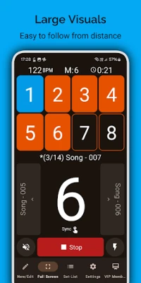 This simple metronome App is designed mainly for on-stage use during LIVE performances. Easily accessible buttons for configuring Meter and Beat-Patterns make this Stage Metronome app easy to use. Big beat-number display can be followed from distance during the performance. The SYNC button is useful to reset beat of an ongoing session. The beat number area can also be used as the Sync button.
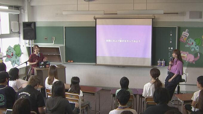 子どもの歯磨きは、保護者による「仕上げ磨き」が必要で、菊地先生が“1つ目は、奥歯の噛み合わせ部分。2つ目は、歯と歯の間。3つ目は、歯の裏側や、付け根”と説明。藤本さんは“分かりやすい。すぐ実践できそう!”と、真剣な眼差しで、授業を聞き入っていました。
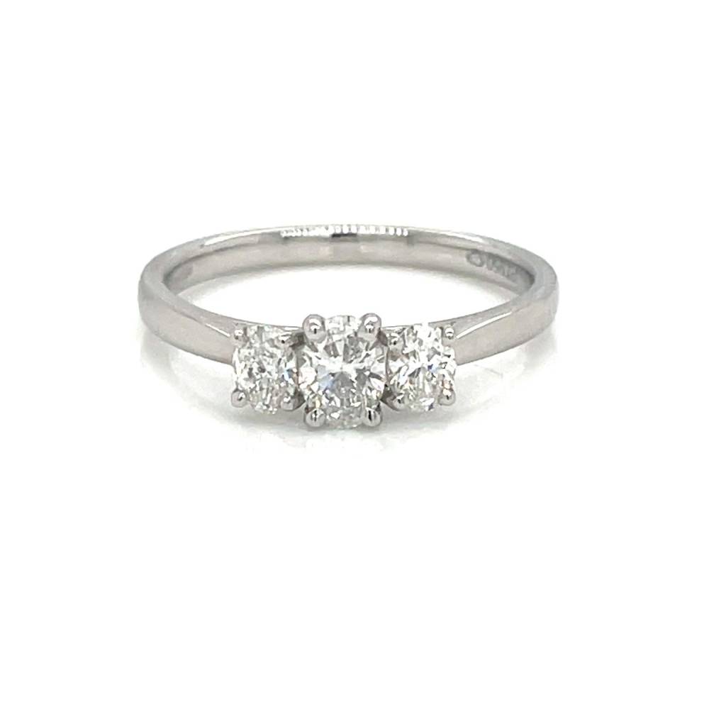 Three graduated oval diamonds each in a four claw setting on a platinum band. 0.63ct total diamond weight, consisiting of a central 0.30ct GIA certificated F colour, Si2 diamond and two outer diamonds with a total carat weight of 0.33ct.

» Task statement:
Each line above should be returned exactly as it stands, minus any pictures.

» Finished exercise:
 This simple metronome App is designed mainly for on-stage use during LIVE performances. Easily accessible buttons for configuring Meter and Beat-Patterns make this Stage Metronome app easy to use. Big beat-number display can be followed from distance during the performance. The SYNC button is useful to reset beat of an ongoing session. The beat number area can also be used as the Sync button.
 子どもの歯磨きは、保護者による「仕上げ磨き」が必要で、菊地先生が“1つ目は、奥歯の噛み合わせ部分。2つ目は、歯と歯の間。3つ目は、歯の裏側や、付け根”と説明。藤本さんは“分かりやすい。すぐ実践できそう!”と、真剣な眼差しで、授業を聞き入っていました。
 Three graduated oval diamonds each in a four claw setting on a platinum band. 0.63ct total diamond weight, consisiting of a central 0.30ct GIA certificated F colour, Si2 diamond and two outer diamonds with a total carat weight of 0.33ct.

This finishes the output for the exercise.